| Source data |
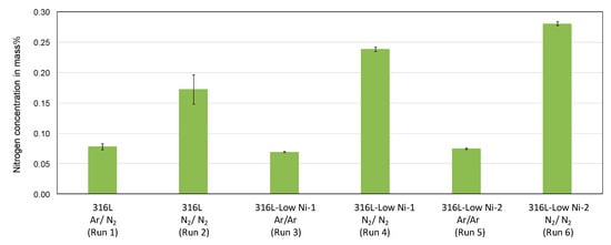 The nitrogen content in the feedstock (316L and modified 316L prepared by inductive melting and casting) is 200–300 ppm. It is increased in the atomized particles (see Figure 6). When melting under an argon atmosphere, the nitrogen content is 600–800 ppm, independent of the chemical composition of the stainless steels. Under a nitrogen atmosphere, the nitrogen pick-up is significantly increased. The addition of manganese in the austenitic stainless steel also contributes significantly to the pick-up of nitrogen in the steel.
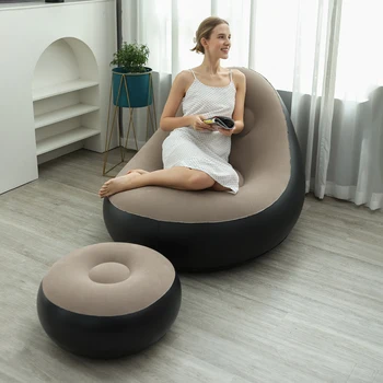 Transform your relaxation experience with the Inflatable Lounge Chair for Adults. This versatile folding portable lazy sofa, complete with a foot stool, is perfect for any living room or bedroom.
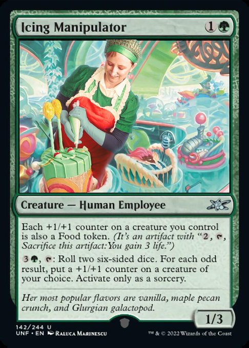 "Her most popular flavors are vanilla, maple pecan crunch, and Glurgian galactopod" I had trouble sourcing Glurgian galactopods, but otherwise did my best to replicate this Unfinity cake! #mtg #mtgcosplay #mtgbaking #unfinity
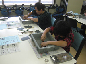 ● 鋳型づくり 今回は、耐熱石膏を彫刻刀で削り、勾玉の鋳型を作りました。彫刻刀で平滑な面を作るのはけっこう大変な作業です。 |

| Instructions for the task |
The required output is every line from the one containing "Transform your relaxation" through the last line of the data above, restated exactly and without pictures.

| Answer to this task |
 Transform your relaxation experience with the Inflatable Lounge Chair for Adults. This versatile folding portable lazy sofa, complete with a foot stool, is perfect for any living room or bedroom.
 "Her most popular flavors are vanilla, maple pecan crunch, and Glurgian galactopod" I had trouble sourcing Glurgian galactopods, but otherwise did my best to replicate this Unfinity cake! #mtg #mtgcosplay #mtgbaking #unfinity
 ● 鋳型づくり 今回は、耐熱石膏を彫刻刀で削り、勾玉の鋳型を作りました。彫刻刀で平滑な面を作るのはけっこう大変な作業です。 |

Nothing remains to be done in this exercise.